EP by 3 Doors Down
- Released: November 11, 2003
- Recorded: August 8, 2003
- Venues: Congress Theater (Chicago, Illinois)
- Genre: Alternative rock
- Length: 28:28
- Label: Universal B0001603-02
- Producer: Brian Sperber

3 Doors Down chronology
| Away from the Sun (2002) | Another 700 Miles (2003) | Seventeen Days (2005) |

= Another 700 Miles =

Another 700 Miles is a live extended play by American rock band 3 Doors Down. It was released by Universal Records on November 11, 2003. The EP was recorded live on August 8, 2003 at a performance at Congress Theater in Chicago, Illinois during the band's Away from the Sun tour. Another 700 Miles was the band's first release with Daniel Adair on drums after he joined in 2002.

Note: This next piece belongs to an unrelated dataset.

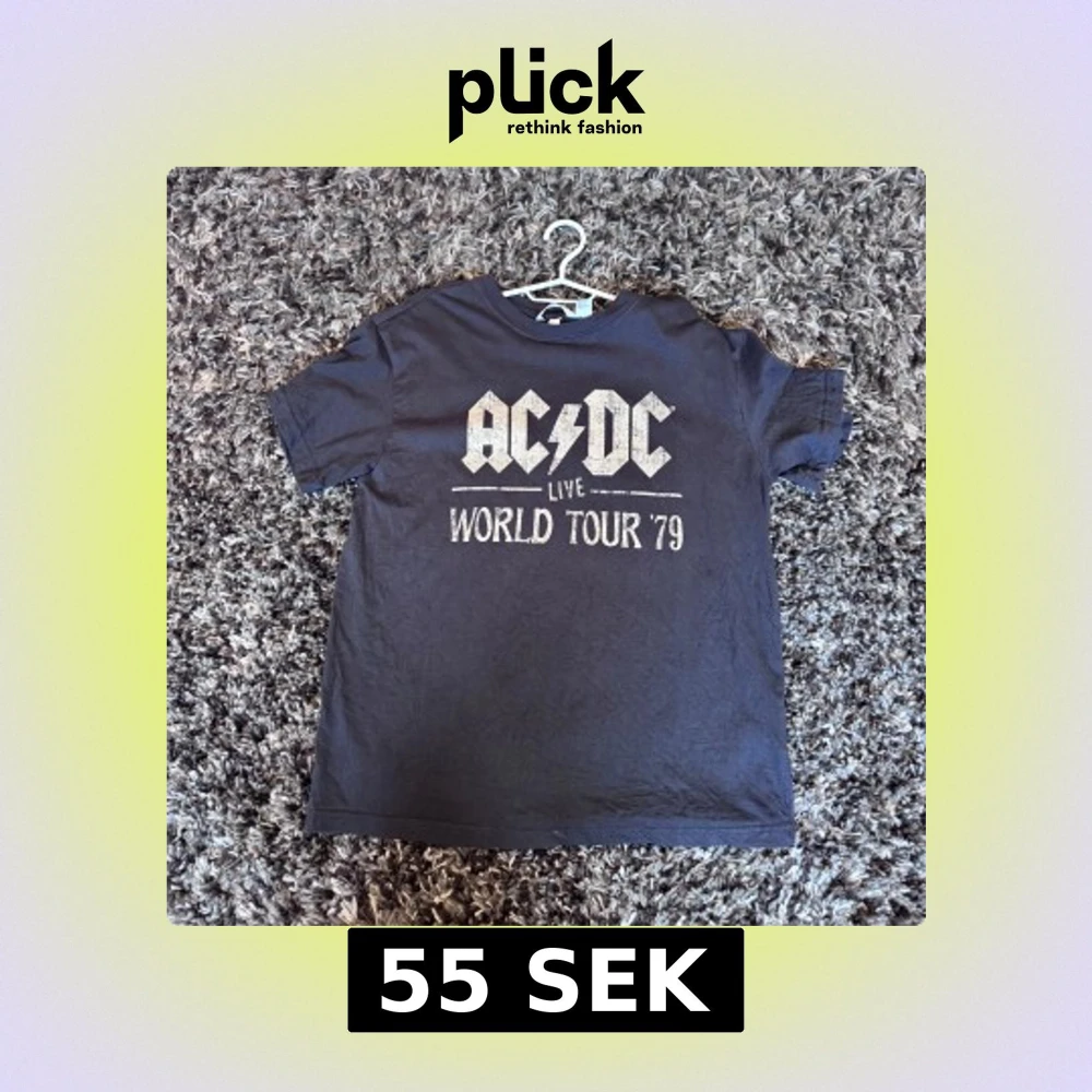 Svart t-shirt från H&M med AC/DC-tryck och texten 'Live World Tour '79' på bröstet. Klassisk rund hals och korta ärmar. Mjuk bomullskvalitet som är skön att bära. Perfekt för dig som gillar bandtröjor och vill ha en cool, avslappnad stil.

The name of the EP is derived from lyrics in the 3 Doors Down song "I Feel You", which appears on Away from the Sun (2002), the band's second studio album.

Another 700 Miles was certified gold by the RIAA (Recording Industry Association of America), selling 500,000 copies on May 11, 2004.

Professional ratings
Review scores
| Source | Rating |
| AllMusic | Star |

==Reception==
AllMusic gave the EP three out of five stars, saying, "3 Doors Down proves to be a quite capable live act" and "not simply another Creed rip-off."

==Track listing==
All tracks written by Brad Arnold, Todd Harrell, Matt Roberts, and Chris Henderson except for "Kryptonite" by Arnold, Harrell, and Roberts and "That Smell" by Allen Collins and Ronnie Van Zant of Lynyrd Skynyrd.

| No. | Title | Length |
|---|---|---|
| 1. | "Duck and Run" | 4:35 |
| 2. | "When I'm Gone" (intro) | 1:18 |
| 3. | "When I'm Gone" | 4:21 |
| 4. | "Kryptonite" | 4:14 |
| 5. | "Here Without You" | 4:11 |
| 6. | "It's Not Me" | 3:47 |
| 7. | "That Smell" (Lynyrd Skynyrd cover) | 6:01 |
| Total length: |  | 28:28 |

==Personnel==
Credits adapted from album liner notes.

3 Doors Down
- Brad Arnold – lead vocals
- Matt Roberts – guitar
- Chris Henderson – guitar
- Todd Harrell – bass guitar
- Daniel Adair – drums

Production
- Effanel Music – mobile recording
- Sandy Brummels – creative director
- Brian Sperber – mixing, editing
- Kris Lewis – assistant editor, mixing assistant
- Sara Trygg, Kurt Uenala – additional editing
- Joe Spix – design
- Maayan Zach – cover photography
- Kip Malone – interior photography
- Phin Daly – VIP Pass photography
- Tom Mackay, Sinji Suzuki – A&R
- George Marino – mastering at Sterling Sound (New York City, New York)
- Recorded August 8, 2003 at Congress Theater (Chicago, Illinois)

==Charts==

===Weekly charts===

Weekly chart performance for Another 700 Miles
| Chart (2003) | Peak position |
|---|---|
| US Billboard 200 | 21 |

===Year-end charts===

Year-end chart performance for Another 700 Miles
| Chart (2004) | Position |
|---|---|
| US Billboard 200 | 178 |

==Certifications==

Certifications for Another 700 Miles
| Region | Certification | Certified units/sales |
| United States (RIAA) | Gold | 500,000^{^} |
^{^} Shipments figures based on certification alone.